The major project in my lab looks at this question using the terminal differentiation of pre-adipocytes as a model. Pre-adipocytes proliferate rapidly and can be cultured in the lab. When they are contact inhibited they can be treated with a cocktail of hormones and will respond by differentiating. Over the course of the next few days they express fat cell proteins, produce lipid droplets and turn into adipocytes. During this time many of the cells divide once or twice but when this period is past they are post-mitotic- they never divide again.

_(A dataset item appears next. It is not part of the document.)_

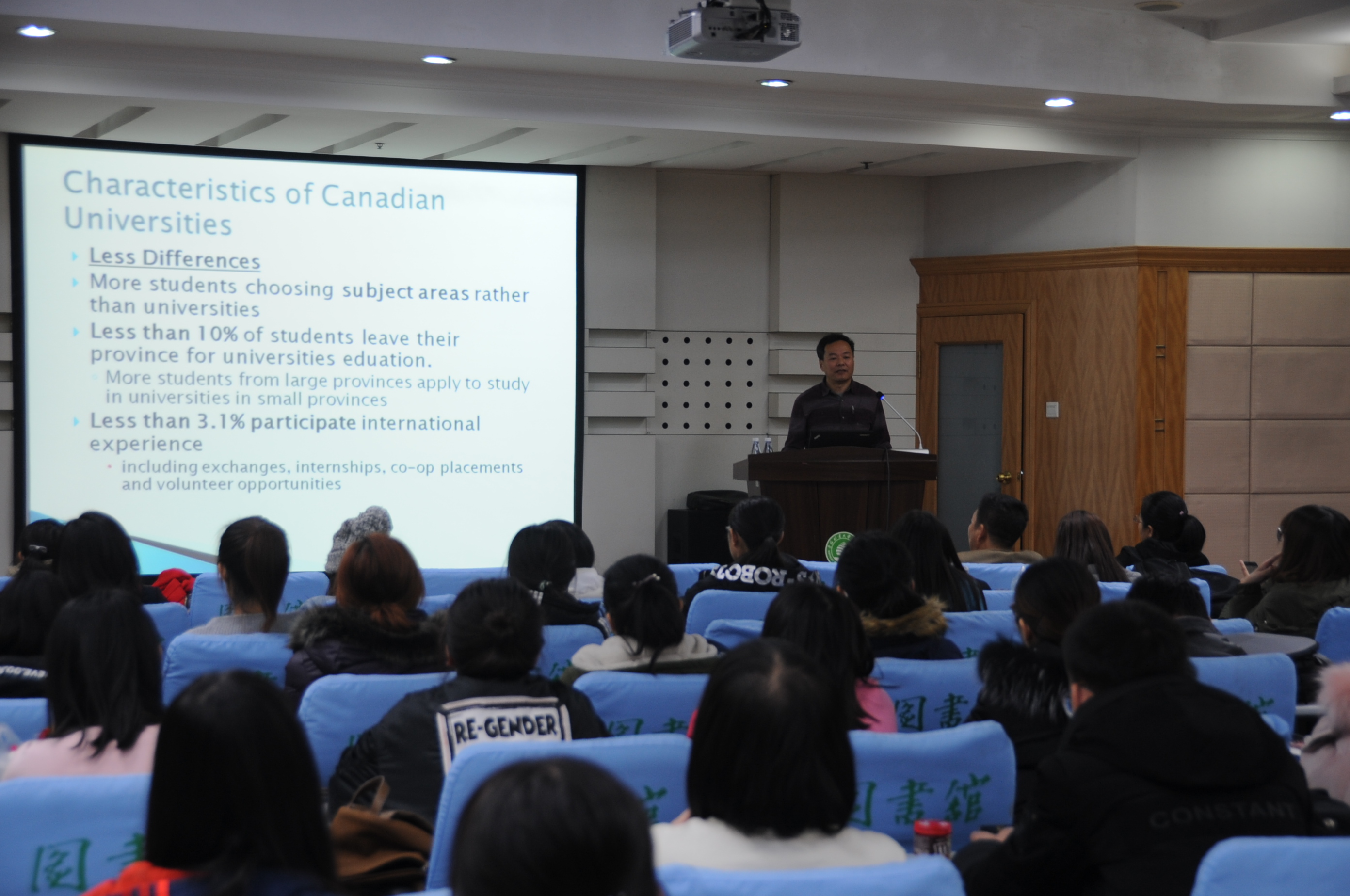 孟繁瑞教授从加拿大高等教育种类特点、教育趋势、留学加拿大的申请材料、申请流程及学费杂费等方面做了详细介绍。讲座过程中,孟教授讲述了加拿大高校目前的教育形式,以大量丰富真实的案例介绍了加拿大的留学特点,为我校有留学意向的学生提供了指导性的建议。

My lab is working on the roles of the Retinoblastoma family proteins p107, p130 and pRB during the early stages of this process. We are ‘knocking down’ the expression of each of these proteins individually and in combinations to determine the effect on differentiation. Our experiments utilize cell culture, protein techniques (electrophoresis, Western blotting, etc.), cell biology methods (virus infection, microscopy and cell staining with dyes and antibodies) and molecular biology techniques (transfection, electroporation, making plasmids, PCR, etc.) as required by the particular experiment being done.
Joe Jeffers
The Life and Works of Frederick Sanger, Nobel Laureate in Chemistry 1958, Nobel Laureate in Chemistry 1980
Dr. Frederick Sanger was awarded the Nobel Prize in Chemistry in 1958 for his work in determining the structure of insulin, the first protein molecule sequenced. He became only the third two-time recipient of the Nobel Prize when he shared the 1980 Nobel Prize in Chemistry for developing techniques for sequencing DNA molecules. Dr. Sanger worked first in the Biochemistry Department at Cambridge University in England. Then he worked at the Medical Research Council Laboratory of Molecular Biology in Cambridge. I have interviewed Dr. Sanger and many of his colleagues and family members. I continue research to prepare articles for the Bulletin for the History of Chemistry and to write a biography of Frederick Sanger. This research is funded by a J. D. Patterson Grant.
Marty Perry
Nitroanisole Detoxification by CYP2E1
The prevalence of complex non-hyperbolic reaction kinetics and impact on metabolism of xenobiotic compounds has been relatively unexplored for CYP2E1, a cytochrome P450. Inadequate knowledge of kinetic parameters compromises the interpretation and prediction of the consequences of P450-mediated biotransformations, and thus impact effective drug design, food safety guidelines, and environmental regulations. Nitroanisoles are environmental pollutants whose toxic potential depends on the efficiency of biological processes. While xanthine oxidase activates nitroanisoles to mutagenic compounds, P450s, most notably CYP2E1, oxidize nitroanisoles to non-toxic products poised for elimination from the body, thereby committing nitroanisoles to detoxification. Thus, the efficiency of CYP2E1 metabolism toward nitroanisoles is a potentially important determinant for risk posed by exposure to those pollutants. Based on our previous work and others, we hypothesize that the contribution of CYP2E1 to nitroanisole detoxification depends on the occupancy of an effector site by nitroanisoles or the corresponding metabolites. Further studies are necessary to assess the specificity of the active and effector sites for molecules and corresponding impact on reaction kinetics. The primary objective of our work at OBU is to construct computer models for CYP2E1 complexes with substrates and effectors to predict non-hyperbolic reaction kinetics. We will use the CYP2E1 crystal structure to create liganded complexes computationally through two different docking approaches, and thus determine complex stoichiometry and contact residues for bound ligands. Our work is in collaboration with Dr. Grover Miller in the Biochemistry Department at UAMS.